Dilemmas of the return - by guest writer Laszló Mezriczky
How to get back to the office and the workplace is on many people's minds these days. After a year at home, the opportunity to be together again as colleagues and colleagues is now a real possibility. However, the situation is much more complicated than that, in more ways than one.

Firstly, a growing number of surveys show that a significant proportion of workers do not necessarily want to return to the pre-March 2020 working patterns, meaning that working remotely from home has become popular. This is not surprising, of course, as for years there has been a debate about whether it is really necessary to spend 5 days a week, 8-10 hours a day, in a space called an office-like workplace, doing daily tasks, typically on a computer (and let's ignore any tasks that are different: manufacturing, outdoor work, etc.). It turns out that a lot of things can be done quite efficiently even if you don't go into the office.
Another issue is the amount of office space required on return. It was a great opportunity for finance and operations professionals to recalculate the costs and report cost savings of tens of percent by developing a new approach to office space.
So far, it looks like a win-win situation - let's take office building operators out of the equation - which means that "all that's left" is to make it happen. Yes, but there are aspects that deserve to be taken into account. One is the concept of shared workspace, which is being introduced as a consequence of reduced office space capacity. Whether the desk is 'hot' or 'shared', it means the elimination of the intimate, private working space of the employee, which has been a major attachment factor for many. The possibility of having your own plant, family photos, unpacked personal belongings is gone, and you can now work wherever the system, the application, draws you.
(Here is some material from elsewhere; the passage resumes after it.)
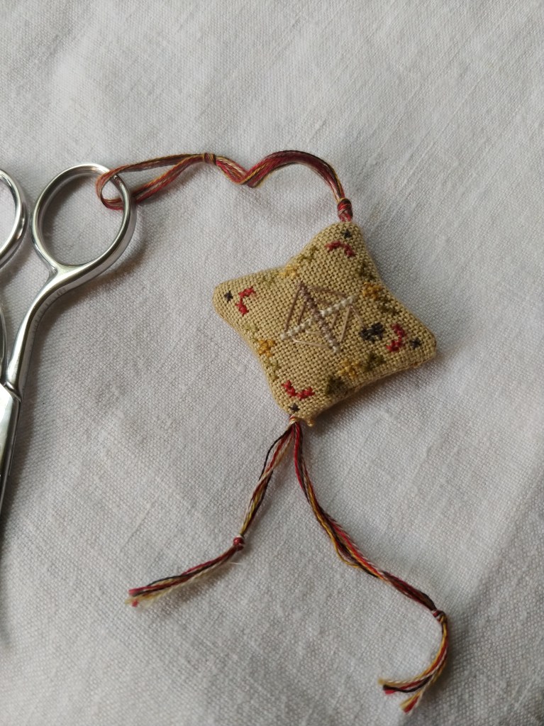 - Use a sharp embroidery needle for the whip-stitches when constructing the biscornu. I find this helps me just catch the backstitches, not the fabric underneath.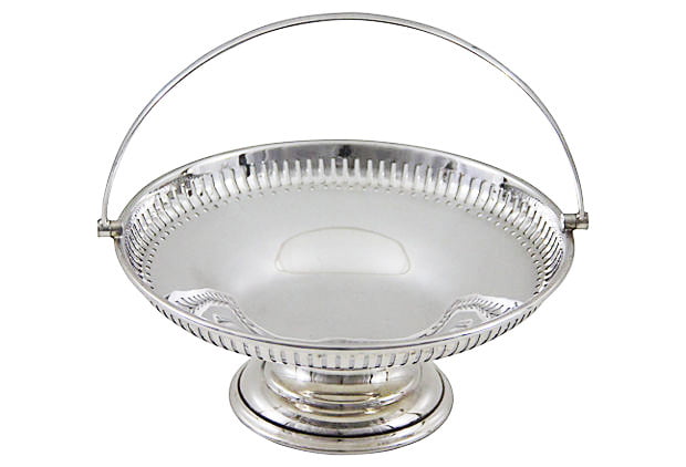 Round Pierced Basket English Silver Plate c.1910. SKU #: A313.

Closely related to this is whether the system takes into account the accommodation of people working together when allocating individual workplaces. If one member of the team sits on the third floor of building A and the other on the ground floor of building B on the same day, we are no more advanced than if we worked from home, and indeed we are: we have to "call" each other just as much as we have to "call" each other, only now we are disturbing the others, which means we have to find a quiet place, a meeting room, which we have to book again... We can already see the people wandering in the corridors, walking in the car park, fighting for meeting rooms...
Another question is the fate of informal contacts in companies. At work we not only work, we also have a social life, we communicate, we make friends, we gossip. In the new system, these need to be reinvented, as old routines can be forgotten.
It can be seen, therefore, that in the context of a happily improving epidemic situation, the seemingly pleasant task of getting back on track also creates new and rather complex challenges that need to be thought through if we are not to lose the essence in the process: workplace cohesion, that extra something that makes our company stand out from the rest.